Kaili City is poor and Bi Gan claims that there were no movie theaters in the town when he was growing up there. He watched TV and considers himself a “child of TV.” He had no interest in film until he attended a junior college and took courses in TV production. One of those courses briefly addressed the history and esthetics of film. In that course, Bi Gan was required to watch Andrei Tarkovsky’s Stalker. Bi Gan says that he hated the film at first and thought it would be impossible to watch to its conclusion. But he persevered and, now, says that this film influenced him to become a director.
Bi Gan did some Tv work, made a couple of well-received short films, and, then, received funding, largely through the Guizhou regional film authority, to make Kaili Blues. The movie was internationally premiered at the Locarno Film Festival in Italy in 2013. The picture won numerous international awards – Bi Gan was, then, 26.
His next film, A Long Days Journey into Night, was completed in 2018. It was also premiered to some acclaim. Unfortunately, however, the movie was released on Valentine’s Day and marketed as a date movie. Several million Chinese couples paid to see the movie that was alleged to be a romantic comedy. In fact, the film is an experimental picture that is incomprehensible on first viewing. (At least, this was my impression when I saw the picture in May, 2019 at the Walker Art Center.) Lots of couples demanded that their money be returned and Bi Gan says that the film has a bad reputation based on the way it was marketed.
It’s not clear to me what he is currently directing.
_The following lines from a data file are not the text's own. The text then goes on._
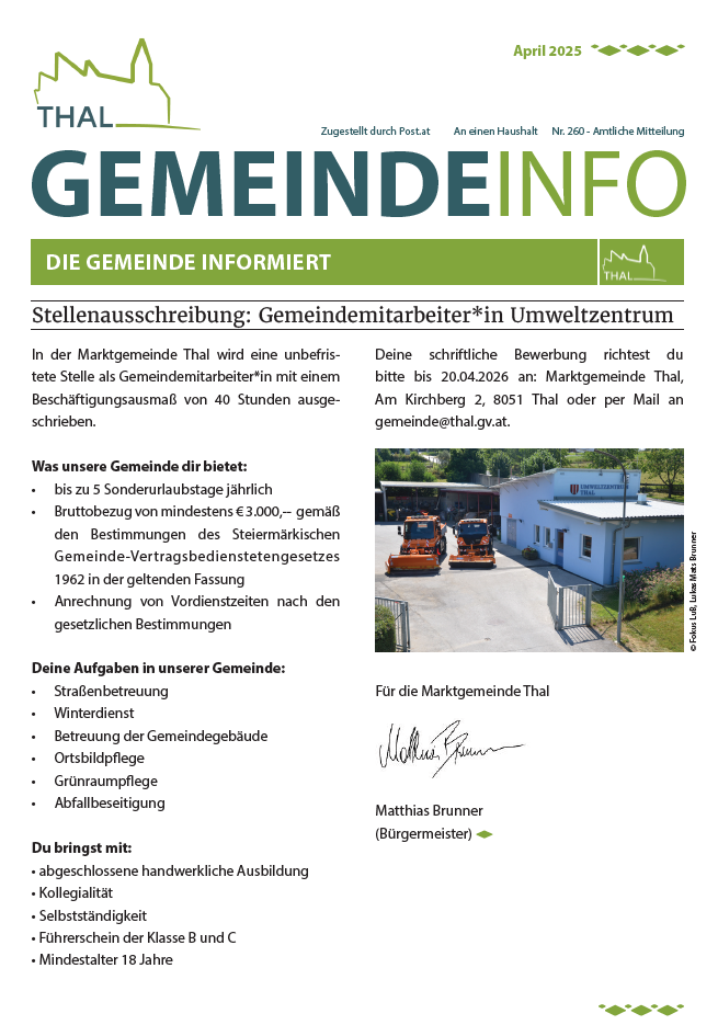 Copyright © 2017 Marktgemeinde Thal | Impressum | Datenschutz | Agentur: wurzinger design | Website: WESEO Internetagentur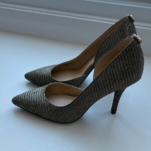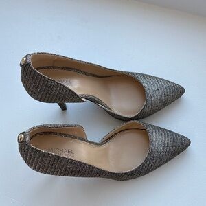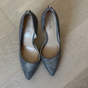 Chic Michael Kors heels with a textured black and silver finish. Perfect for elevating any outfit.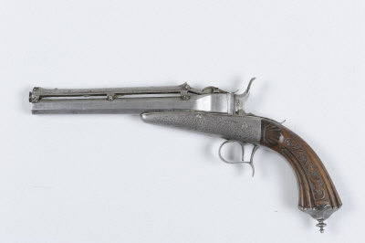 A SCARCE 9MM COLETTE-SYSTEM GRAVITY-FED REPEATING TARGET PISTOL, NO. VC1700 8 1/2-inch octagonal barrel with full length gravity-fed magazine, rising breech, the central hammer with safety bar, the frame with fine scroll engraving and fluted walnut grip S58 |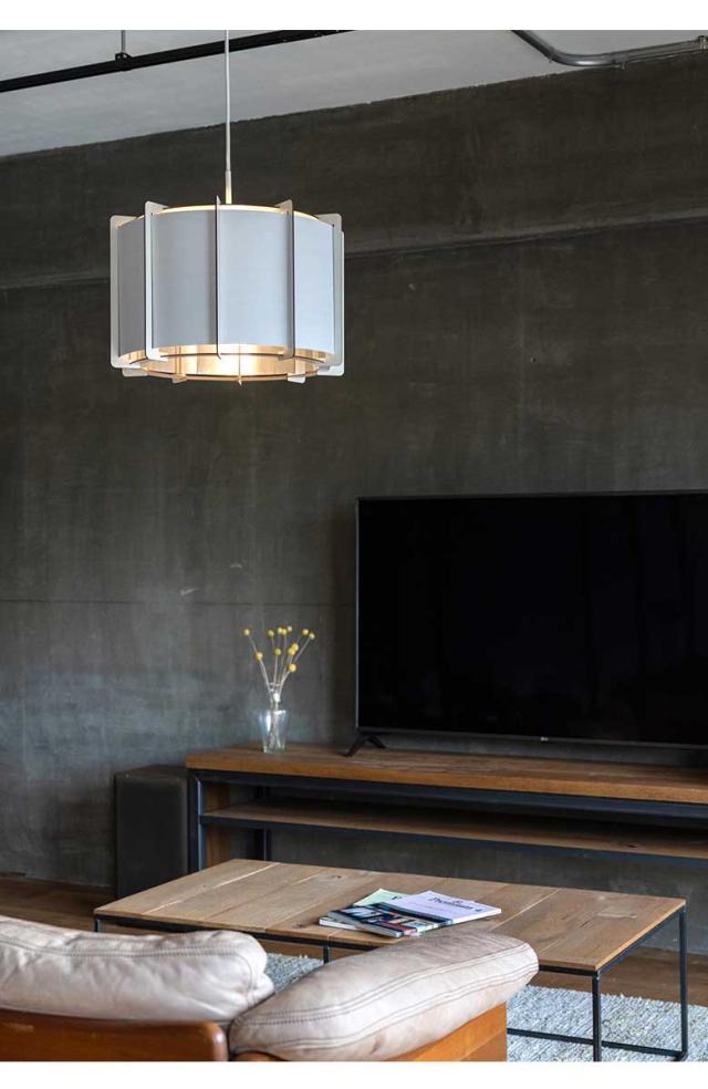 基本的なつかいかたはリビングルームのテーブルの上から吊るすクラシックなスタイルをイメージして作っています。2種類の大きさがあるので、部屋やテーブルの大きさによって選択でき、シングル世帯でもファミリーでも使用が可能です。

He toured with A Long Days Journey into Night as well as earlier with Kaili Blues. A number of interviews with him can be watched on You-Tube. Bi Gan is short stocky man with a buzz-cut hair do. He looks a little like a less sinister and more merry Chairman Kim. He likes to drink and, frequently, claims that he is a bit intoxicated during interviews. He seems to understand some English but can’t speak the language. His answers to questions posed to him are generally evasive.
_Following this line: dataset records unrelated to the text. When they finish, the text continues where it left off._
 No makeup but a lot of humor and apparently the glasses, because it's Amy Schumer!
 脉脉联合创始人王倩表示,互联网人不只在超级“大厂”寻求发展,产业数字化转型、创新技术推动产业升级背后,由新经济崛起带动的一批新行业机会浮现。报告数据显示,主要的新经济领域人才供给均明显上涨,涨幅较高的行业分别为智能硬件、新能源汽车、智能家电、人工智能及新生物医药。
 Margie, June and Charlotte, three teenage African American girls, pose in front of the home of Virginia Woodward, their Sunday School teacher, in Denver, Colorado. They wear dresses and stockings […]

Although Bi Gan’s work seems related to some of David Lynch’s films, particularly the American’s nightmarish Inland Empire, an uncompromisingly abstract experimental film, he admits only to admiring Blue Velvet. Bi Gan claims as his primary influence the Taiwanese director, Hou Hsiao-Hsien, particularly that film maker’s Goodbye, South, Goodbye (1996). Hou Hsiao-Hsien is famous for his extremely long sequence shots, often implemented by intricate camera movements.
Bi Gan writes poetry. He claims that he is more influenced by classical Chinese poetry than films or TV. In particular, he cites as influences the poetry of 9th century Tang Dynasty and the prose from the Song dynasty – in both types of writing, he notes a rhythmic alternation between long and short lines.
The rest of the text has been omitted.